This is FRESH AIR. I’m Terry Gross.

In the decades between Reconstruction and the enforcement of civil rights laws,
nearly every black family in the American South had a decision to make, writes
my guest, Isabel Wilkerson. The decision was to stay in the South’s segregated
caste system or make the pilgrimage north or west, in the hope of escaping
racism and having more access to jobs, housing and other opportunities. From
1915 to 1975, nearly six million African-Americans left the South, during what
has become known as the Great Migration.

In the new book, “The Warmth of Other Suns,” Wilkerson follows the stories of
three people who made the journey and describes the larger historical event
they were part of and how it transformed America.

Wilkerson is a former New York Times bureau chief and in 1994 became the first
African-American woman to win a Pulitzer Prize. She considers herself a child
of the Great Migration. Her parents journeyed from Georgia and Southern
Virginia to Washington, D.C.

Isabel Wilkerson, welcome to FRESH AIR. Why did you want to tell the story of
the Great Migration?

Ms. ISABEL WILKERSON (Author, "The Warmth of Other Suns"): I wanted to tell the
story because I felt it was this huge gap in American history, that it had such
an effect on almost every aspect of our lives, from the music that we listen to
the politics of our country, to the ways the cities even look and feel even
today. The suburbanization and the ghettos that existed that were created as a
result of the limits of where they could live in the North, and also the
effects on the South, because the South was forced to change in part, because
they were losing such a large part of their workforce through the Great
Migration. So I felt that it had so many effects on our country and yet it was
a forgotten chapter of history. And I wanted to elevate it in some ways to its
rightful place in history.

GROSS: So, to tell the story you focus on three people. But you spoke to over a
thousand people, right? Do I have that right?

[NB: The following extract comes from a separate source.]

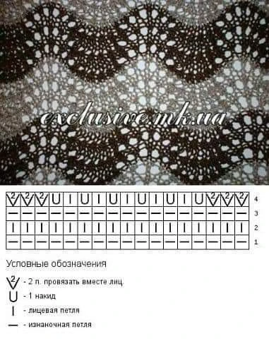 Узор спицами со схемкой.
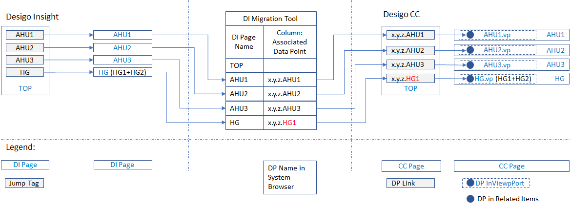 In Desigo Insight, the jump tags with references of file names to the graphic page are set, for example AHU1. A corresponding data point reference must be assigned from the Logical View in order for navigation from a Desigo Insight jump tag operates as well in Desigo CC, for example: x.y.z.AHU1. This reference is required in viewport as well as in the Related Items tab for the corresponding graphic. You only need to assign one data point reference if multiple partial plants, for example HG1 and HG2, exist on a graphic page.

Ms. WILKERSON: Yes, that’s correct.

GROSS: So what are some of the places you went to to find older African-
Americans who had left the South for the North during the period of the Great
Migration?

Ms. WILKERSON: Well, I went to every place that I could think of that senior
citizens who were still healthy might be. And that I meant I went to senior
centers. I went to senior day picnics. I went to various clubs that actually
existed and still exist in many of these northern cities that were built or
created by the people. Once they got to these big cities they actually
clustered together and created clubs from back home representing their home
towns, Lake Charles Louisiana Club in Los Angeles, the Greenwood Mississippi
Club in Chicago, there are churches in New York where almost everyone is from
South Carolina. So I went everywhere that I could think of that I could find
people who had left - seniors in these cities that I focused on.

GROSS: And when you found people and you talked to them did they usually think
of themselves as part of this great movement, the Great Migration?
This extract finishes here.